The middle donut chart breaks the cost down per Meter subcategory; this is already more insightful because it shows that storage queues are the highest cost. It is important to realize that Durable Functions relies heavily on queues to schedule the orchestrator and activity functions. So this cost is explainable but might be unexpected if one is not aware of the inner workings of Durable Functions.
Finally, on the right, the cost is broken down per Meter. Some of this information is clear such as lrs data stored (LRS=locally redundant storage), but others are a bit more cryptic, like class 1 and class 2 operations. Microsoft made this classification to group certain operations together which have equal cost. Class 1 is related to create, put, update, and delete operations on queue messages. Class 2 is related to get and peek operations on messages.
Learnings
I had the opportunity to attend the Advanced Distributed Systems Design course by Udi Dahan earlier this year and that was really an eye-opener. It really helped me to understand the fallacies of distributed computing better and how to act on them. The Twitterbot I made is a very small application and has little impact in case it does not work, but it proved to be a nice playground to put some learnings into practice.
- Failures are inevitable, so you better be prepared to have the system cope with it where possible and have a good process & tooling in place to respond to issues. In my case, I had build & release pipelines configured in Azure DevOps from the start, which enabled automated unit testing and pushing fixes to production quickly.

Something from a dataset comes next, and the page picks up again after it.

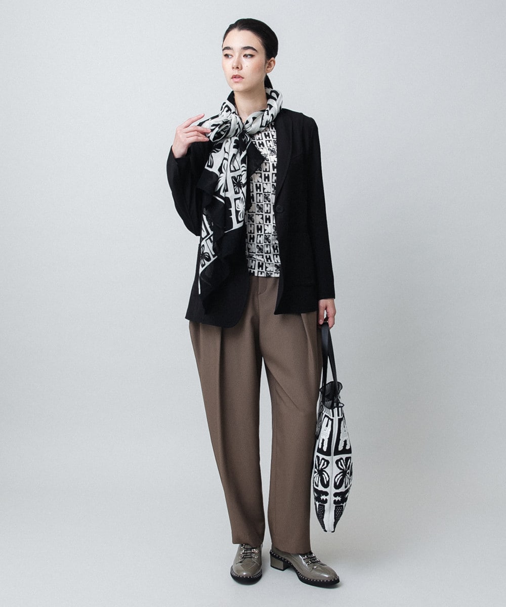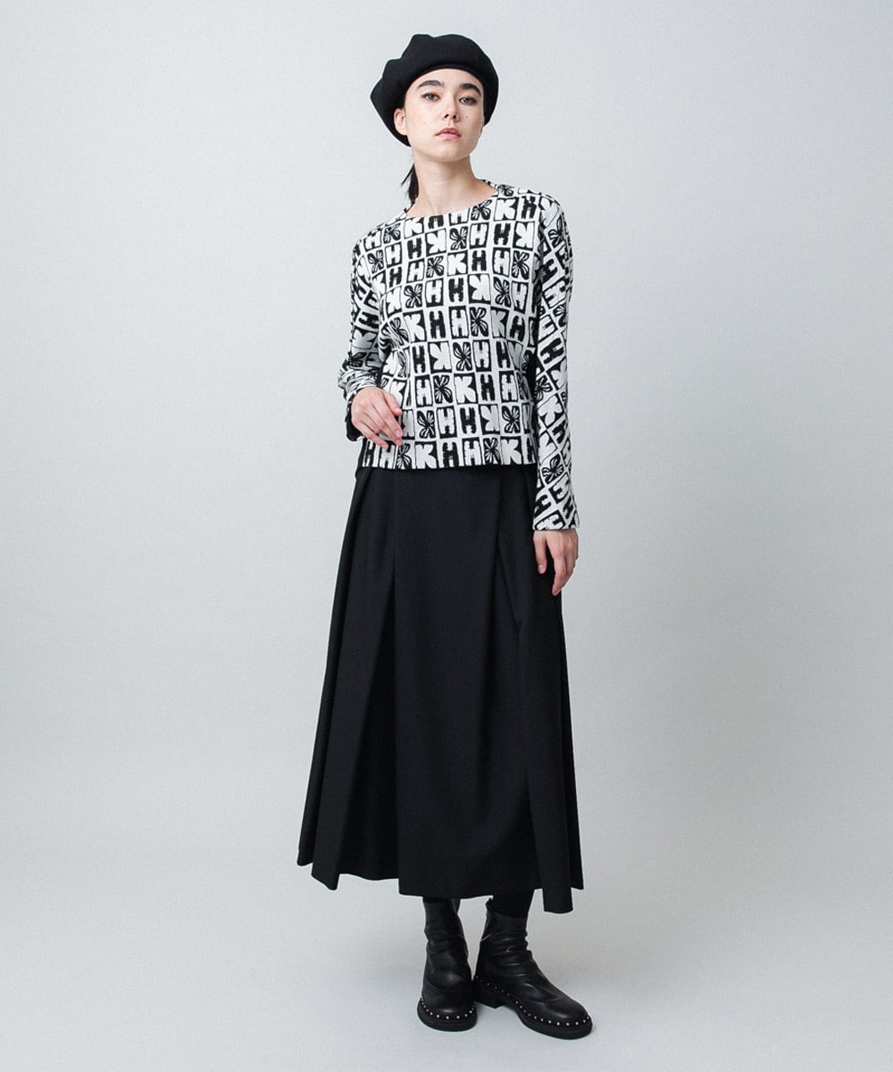 HKイニシャルロゴ&フラワーのモノトーンプリントがモードな雰囲気を纏う一枚。

- You need monitoring and alerts setup when you're running in production; otherwise, you're blind to anything that happens. Try to identify a small set of most important metrics and only put alerts on those.
- To really understand how your solution is performing you need to see how it's running in production. Enable Application Insights and spend a good amount of time navigating through the various blades in the Azure Portal. The Application Map, Failures and Performance blades are easy to get started with and provide a wealth of information.

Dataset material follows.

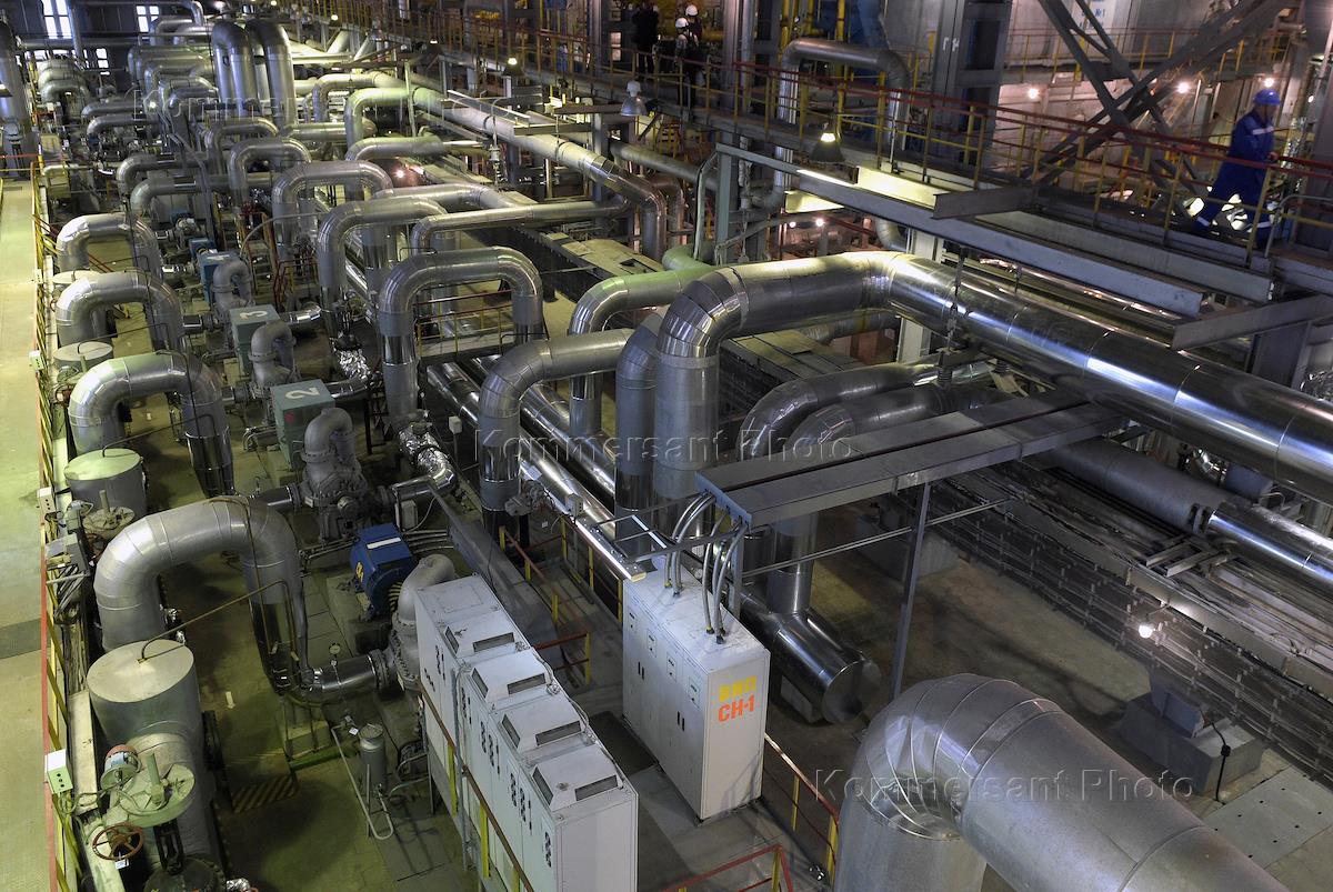 Мэр Москвы Сергей Собянин (справа) во время посещения теплостанции в районе Жулебино.

- The Azure Functions Consumption plan combined with table/blob storage is cheap for low to medium volume workloads. Make an effort in calculating the function executions up-front, so you have an educated guess if a Consumption plan or App Service plan is best for your situation. Note that by using Durable Functions, you'll pay a bit more due to queue and table storage usage and more function executions. However, don't let this hold you back. The Durable Functions framework provides many great features out of the box, which you don't need to write and maintain yourself. So I'm pretty confident the benefits outweigh the costs.
Open source
The code for the Twitterbot is on GitHub so if you want to look at the details feel free to clone or fork it. I have plans to extend the bot with more features if you have additional ideas, feel free to add those as issues or submit a PR :).